India's Central Bank Leaves Policy Rates Intact
Rajan listed some upside risks to the economy: A sub-normal or delayed monsoon due to El Nino effect, impact of geo-political tensions on fuel prices and uncertainties over the government's administered prices for various commodities. At the same time, he also felt these appear to have been balanced by the possibility of stronger action on food supply, better fiscal consolidation and recent appreciation in the value of Indian rupee.
"Accordingly at this juncture, it is appropriate to leave the policy rate unchanged, and to allow the disinflationary effects of rate increases undertaken during September 2013-January 2014 to mitigate inflationary pressures in the economy," he said. "Contingent upon the desired inflation outcome, the April projection of real GDP growth from 4.7 percent in 2013-14 to a range of 5-6 percent in 2014-15 is retained with risks evenly balanced around the central estimate of 5.5 percent."

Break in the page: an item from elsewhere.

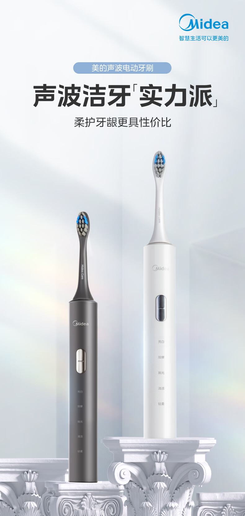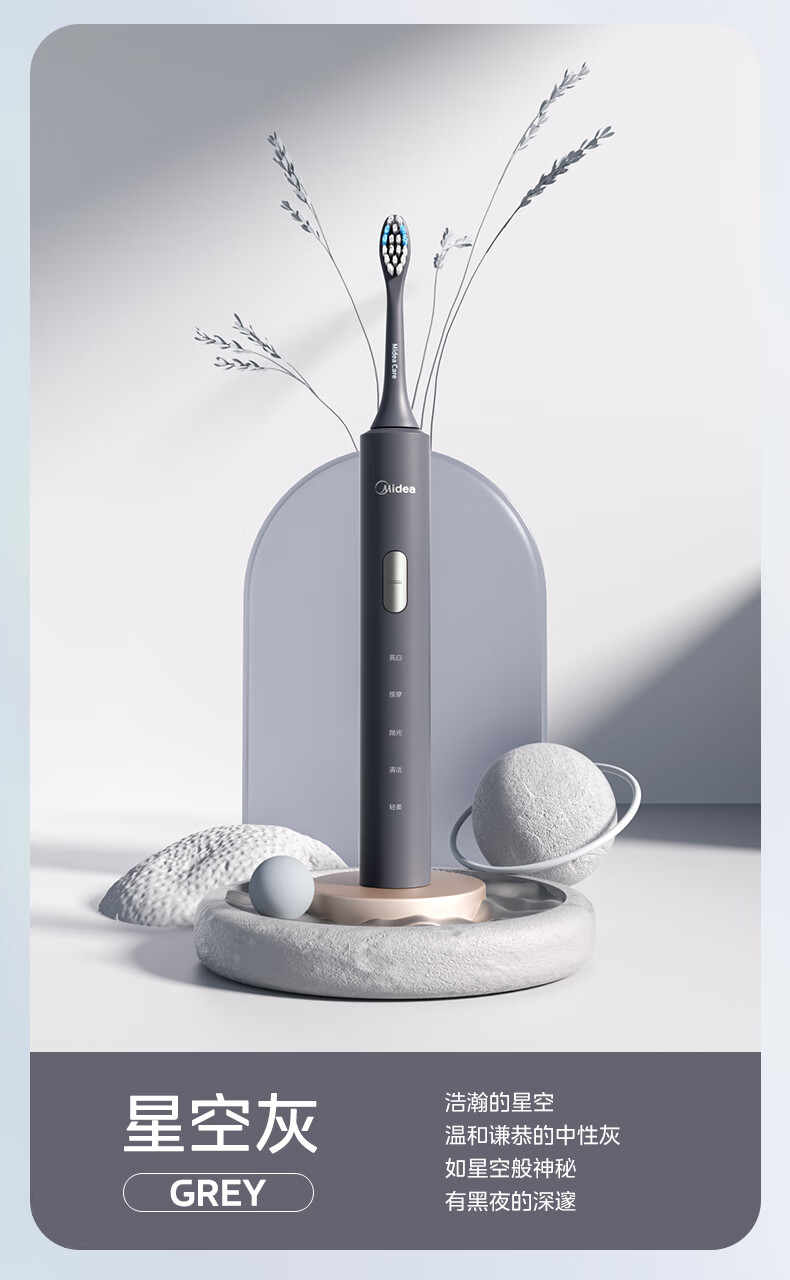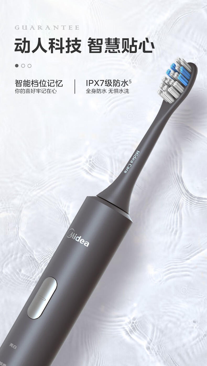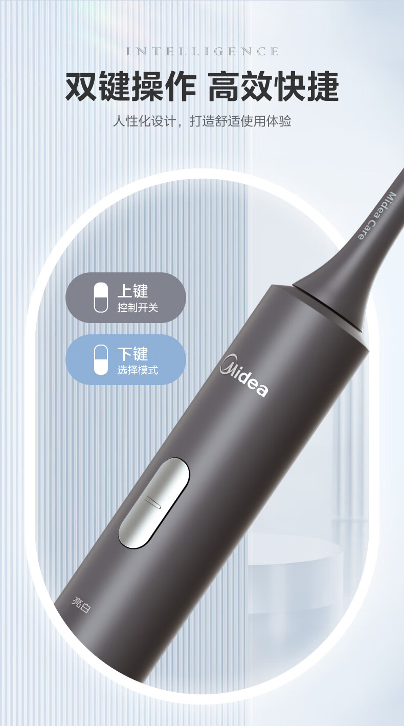 美的(Midea)电动牙刷成人/学生 声波震动 300天长续航 智能换区 软毛刷头*2 七夕情人节礼物 情侣款 小米白

He also nudged the government to do its bit like easing domestic supply bottlenecks and proceed with reviving stalled projects which should brighten the outlook for both manufacturing and services. The resumption of export growth is a positive, he added. The stock markets, for a moment, did not take kindly to the apex bank's stance. The key sensitive index (Sensex) of the Bombay Stock Exchange (BSE) even fell 30 points. But it immediately staged a recovery and eventually closed 175 points, or 0.7 percent higher.